The idea that God might call me to a form of ministry that primarily involved public speaking would have been ridiculous to the 19 year old me, but here I am. And I’m here because, over time, not only has God equipped me to serve in this way, but has actually changed my heart from within to the extent that I’m never happier than when up here speaking to a church full of people.

You see, that’s what he does. He calls us to do things for him, not because we want to do them, but because he sees something in us that can be used to do his will. He chooses us, not because we are perfect for the job, but because we are perfect for the job only with his intervention. He chooses us and changes us and soon, without us even noticing, his will becomes our will.

Every single one of us is being called to service for God. Some have answered, some are denying it and some still haven’t heard it, but we are all getting that call.

Elisha got the call in a very obvious way, and he followed. For most of us that call is not so obvious, not so clear. We need to take time in prayer, not only to talk to God, but to listen to him as well. To sit, or walk, or drive or however you feel most comfortable doing it, in silence, just listening for the voice of God to guide you and to call you.

The call may come in other ways. You may find that people you know well and trust will give you that guidance. You may find that odd “coincidences” take place which seem to point you in the right direction. Any number of things could happen which answer that age old question to God “Please, Lord! Give me a sign!”

And then we need to be ready to actually answer it. If anything, this is the difficult part. Hearing a call can sometimes be fairly easy, but being ready and answering it is a whole different matter.

I think I first heard the call to preach about 15 years ago, but I either ignored it, or disbelieved it, or was just “too busy” to do anything about it. I wish I’d answered it sooner, but I did eventually. As another minister on the Tomorrow’s Calling website said,

“If you feel a sense of Calling in your heart you can’t run away from it.”

You only need to see the story of Jonah to understand that. Running from God is impossible; wherever you run to, he’s already there.

Elisha, however, was ready and willing. All he wanted to do was say goodbye, which he did with a meal consisting of his two oxen, and he was off on his journey to become the next great prophet of Israel.

We aren’t all being called to be a great prophet. Well, it’s possible none of us are, of course. We’re not all being called to preach, although some of us definitely are. But we are all being called, and Elisha is a wonderful example of what to do when it comes – We need to listen for the call, get ready for it coming and just act on it. Don’t run from it, or ignore it, but embrace it. God will be with each one of us every step of the way, guiding us and equipping us for his work.

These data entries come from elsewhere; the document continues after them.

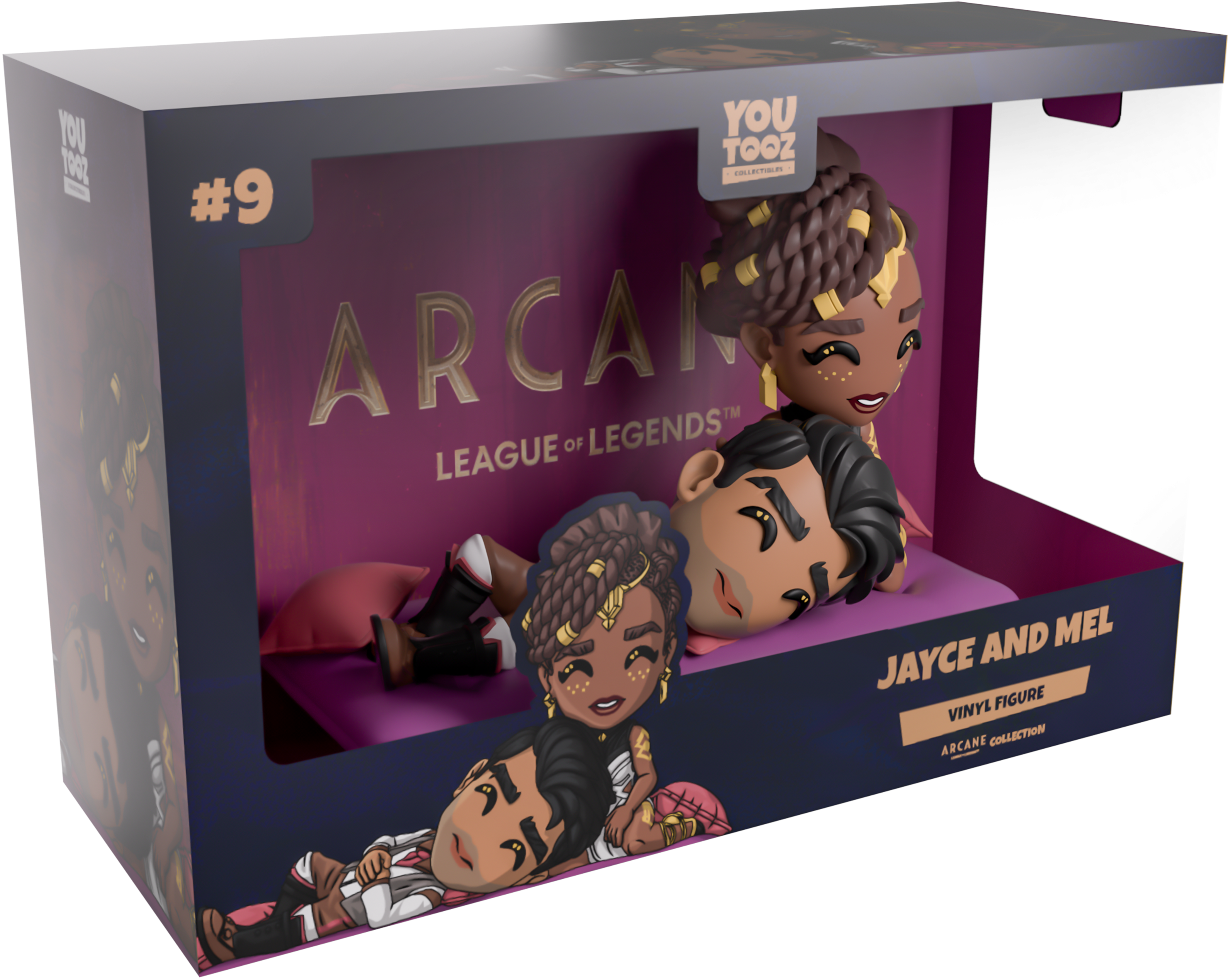 Jayce and Mel are taking a break from the stress of the Piltover Council for a quiet moment alone with their arrival at Youtooz! At 4.1 inches tall and resting atop a soft purple mat that’s covered in dusty pink pillows, Jayce lays on his back with his head on Mel’s knee and looks forward with a content smile as his hands are clasped together over his chest. With Mel’s hand resting on the back of his head as her braided brown hair is pulled into a large bun at the back, golden speckles mark her face as matching patterns run down her arms and legs, and she wears a white and black sleeveless dress. The exterior of their dark blue packaging is covered in gold streaks over a smudged purple background. These then work their way onto the purple to pink interior, while the protective sleeve is dark blue with a simple golden frame as their figures can be seen through the large clear window at the packaging’s front. This collectible ships in a matte, embossed, protective outer sleeve and a custom-sized plastic protector for maximum protection during shipping.
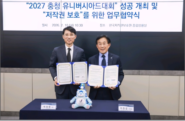 2027 충청 유니버시아드대회 조직위원회(위원장 강창희, 이하 조직위)는 10일 서울 상암동 한국저작권보호원(원장 박정렬, 이하 보호원)에서
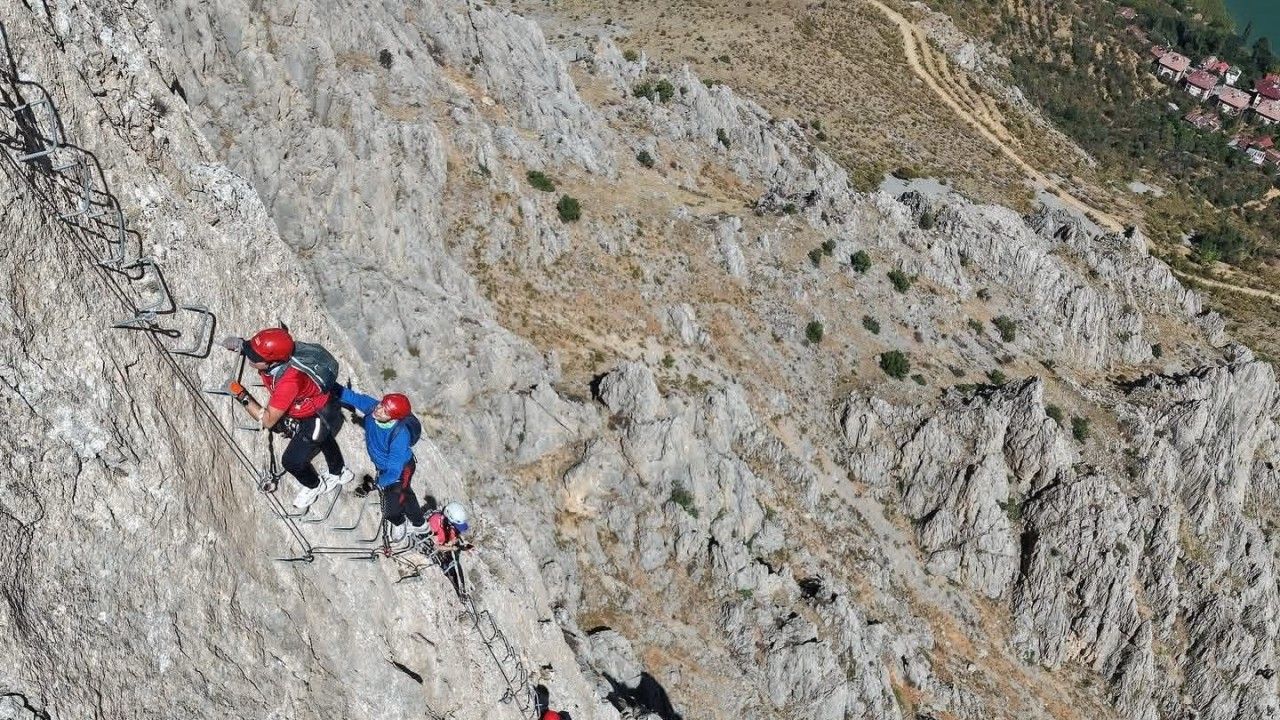 Erzincan’ın Kemaliye ilçesinde sarp kayalıklara yapılan ve 517 demir basamaktan oluşan demir yol (Via Ferrata) parkuru, tırmanış yapmak isteyen yerli ve yabancı adrenalin tutkunlarını ağırlıyor.
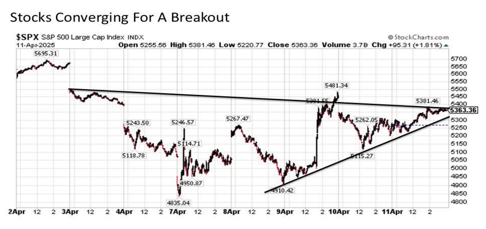 Looking closer at the intraday charts on the S&P 500 provides further support for the short-term upside breakout thesis. Focusing on the intraday trading channel dating back to April 8 in particular (before the 90-day pause was announced), we see that stocks have been picking up momentum with notably higher lows versus only the marginal lower highs dating all the way back to April 3. This implies that buyers are advancing far more assertively in recent trading days since sellers are likely to seek to defend in the coming trading days. And with futures already trading solidly higher heading into the overnight into Monday’s trading, an intraday breakout appears in the cards and is a bullish way to kick off the new trading week.
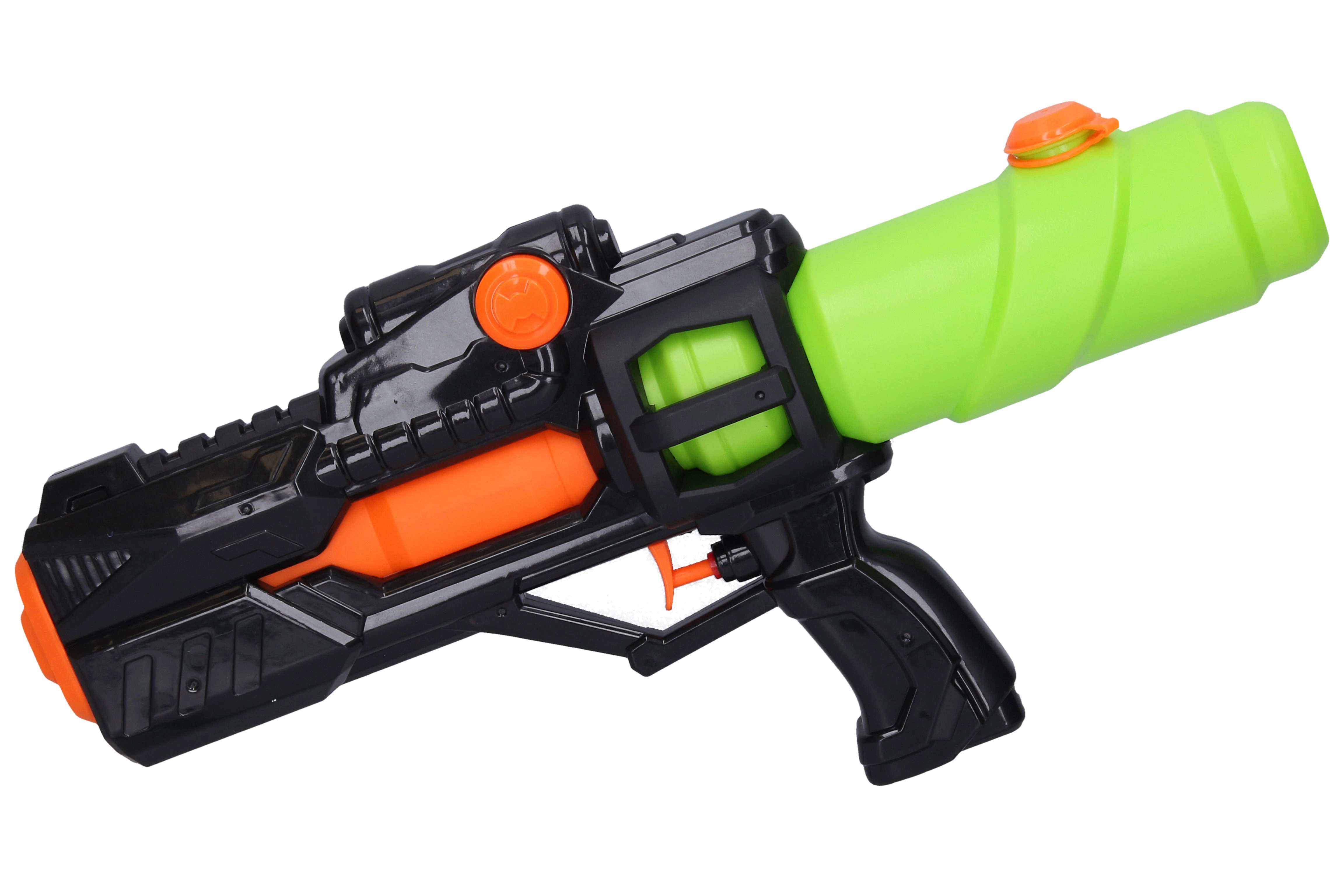 Uživajte u beskrajnoj ljetnoj zabavi s ovim vodenim pištoljem duljine 38 cm. Zahvaljujući velikom spremniku, udobnoj pištoljskoj ručki i lakom punjenju pomoću navojnog čepa, idealan je za djecu i odrasle u vrtu, uz bazen i na plaži. Dostupan u 3 varijante boja – plava, crna i narančasta.
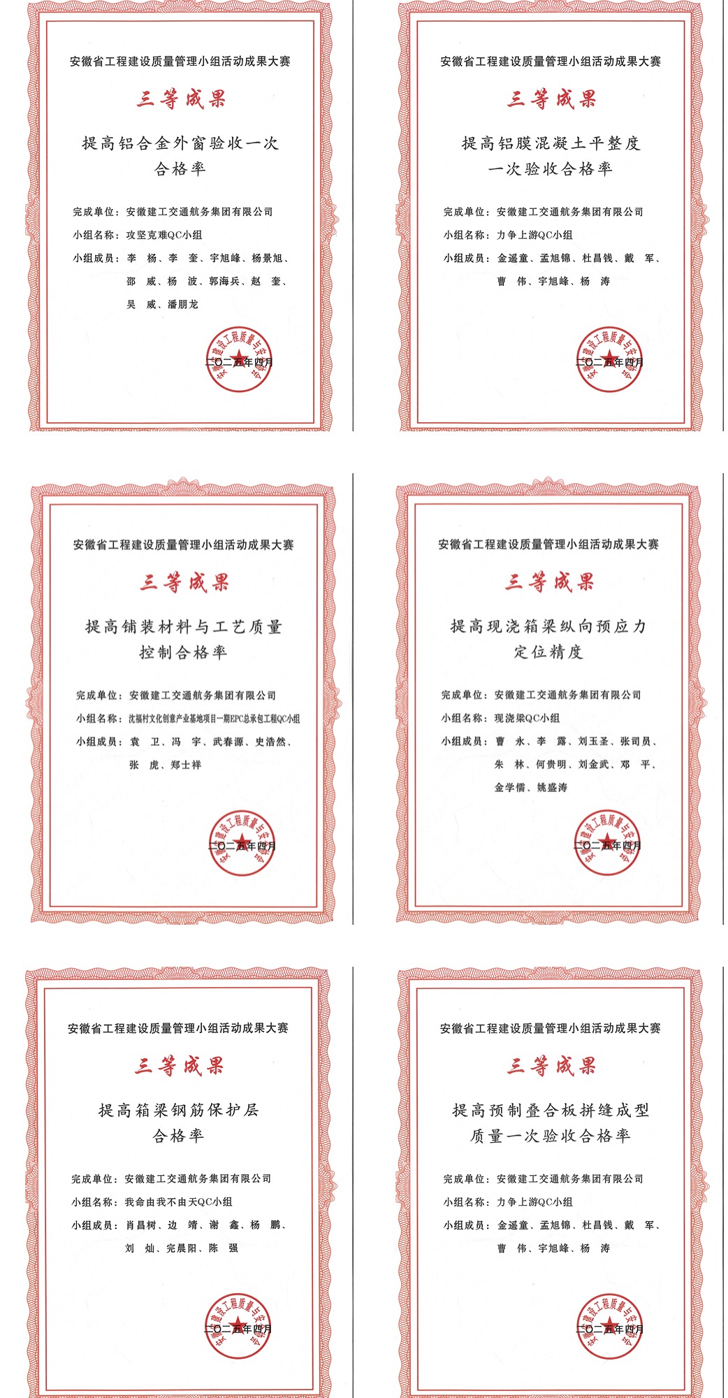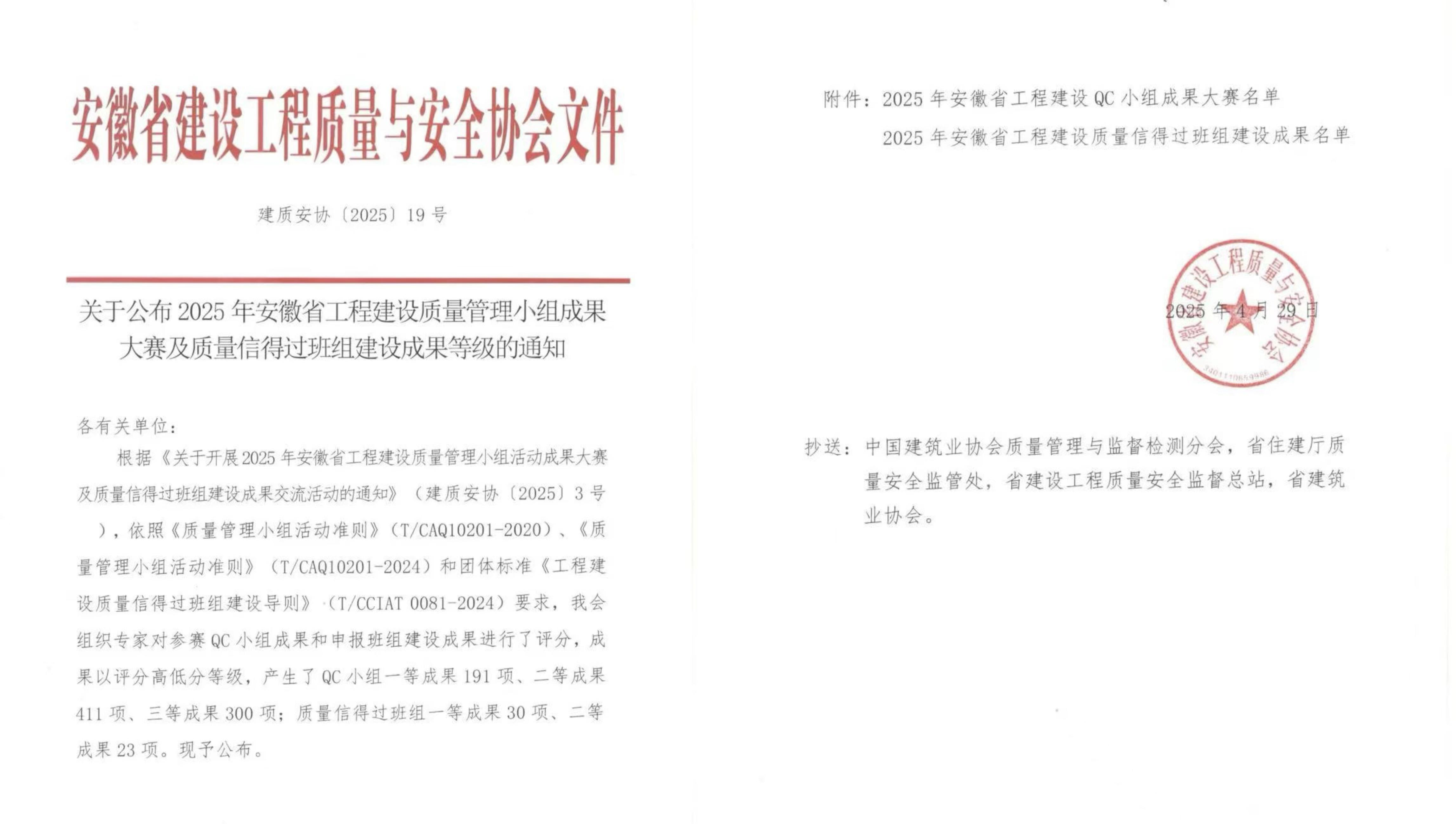 近日,2025 年安徽省工程建設 QC 小組成果大賽評選結果揭曉。建工交航斬獲 2 項省級一等獎、9項省級二等獎、14項省級三等獎。
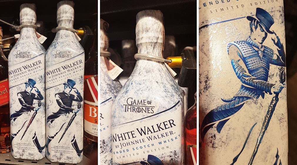 Sleeve na limitowanej edycji Johnnie Walker. Butelkę tę wrzuciłem jeszcze przed emisją niesławnego ósmego sezonu GOT. Nie było wtedy wiadomo, jaką będzie on porażką! Wszyscy w napięciu oczekiwali premiery. A tu, znacznie wcześniej, na rynek sklepowy trafia taki produkt – grzech nie kupić. Nie dość, że technologicznie perełka (ilość lakierów ozdobnych, metalizowanych farb itd.) to także kreatywnie i graficznie – majstersztyk. Generyczna nazwa produktu i marki subtelnie zmieniona na „White Walker” (fani GOT łapią w mig, o co chodzi). Także główny brand hero wystylizowany na Białego Wędrowca. Całościowo projekt opakowania naprawdę na najwyższym poziomie (zarówno koncept, jak i egzekucja). I chyba pomysł z limitowanymi edycjami musiał chwycić sprzedażowo, bo obecnie na rynku mamy kolejne dwie butelki tej marki nawiązujące do świata wymyślonego przez Georga R. R. Martina. (Ze względu na wysoką cenę nadal waham się, czy je kupić – oczywiście do celów kolekcjonerskich :_)
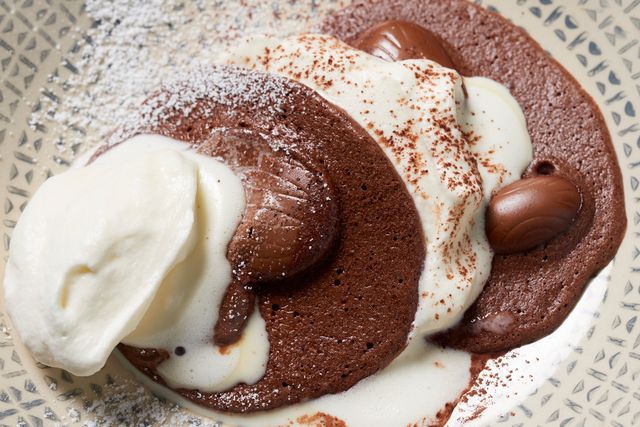 Als Profikoch komme ich mir leicht kindisch vor, wenn ich Schokopancakes mit Ostereiern belege, aber egal – sie schmecken auch im fortgeschrittenen Erwachsenenalter noch wunderbar nach Kinderfest. Außerdem kann ich mit den Pancakes alle Ostereier, die nicht aus meiner Lieblingsschokolade sind, ganz elegant verschwinden lassen. Übrig bleibt ein sehr einfaches Dessert, das alle mögen. Schöne Ostern!
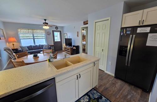 The home is fully equipped and offers a dock, 2 Kayaks, firepit, charcoal grill, generator for unfortunate power outages.
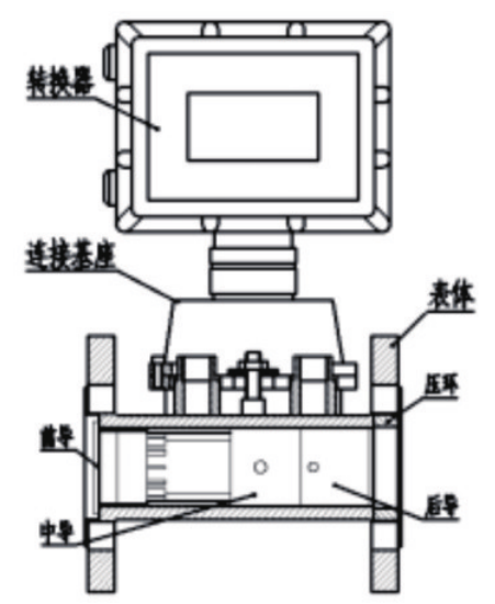 溫壓補(bǔ)償型氣體渦輪流量計(jì)的基本結(jié)構(gòu)如圖所示,它主要由表體、機(jī)芯(前導(dǎo)向、中導(dǎo)向、后導(dǎo)向)、連接基座和轉(zhuǎn)換器等組成。
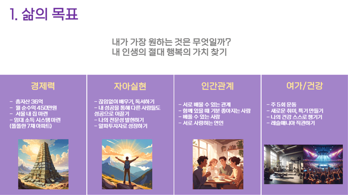 운동하는 삶 / 배우고 또 가르치는 삶 / 멋진 내 집에서 투자를 복기하는 저녁이 있는 삶 / 사랑하는 사람과 함께 하는 삶 / 레슬매니아를 직관하는 경험이 있는 삶 / 소중한 반려동물과 함께 하는 삶 / 함께 성장하며 나아갈 지인들이 있는 삶
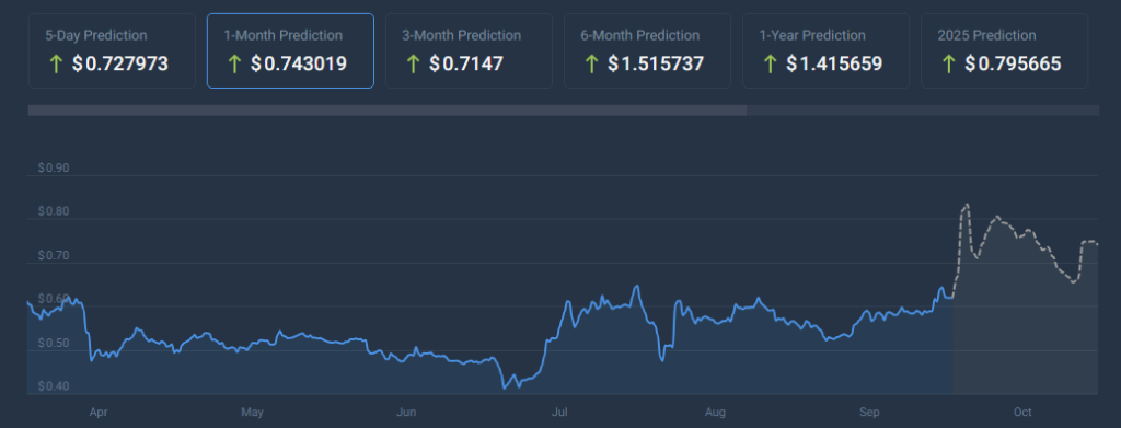 According to CoinCodex, a cryptocurrency analysis tool, XRP will continue its bullish path and gain by around 19.60% in the coming quarter. On the basis of this optimistic outlook, which reflects growing market confidence in the token, the price may reach $0.743019 by the 31st of October in the year 2024.

And, above all, remember that to be called by God, by the creator and sustainer of the whole universe, to do his work is the most wonderful privilege we could ever hope for. He doesn’t need us to do his work, but he wants us for it because he wants to work with us, to share in our lives, our battles, our rest, our triumphs, our failures, our sadness and our joy. And, in return, he wants us to share in his glory and majesty.

If that’s not a reason to take a leap into the unknown, into God’s great adventure, then I don’t know what is.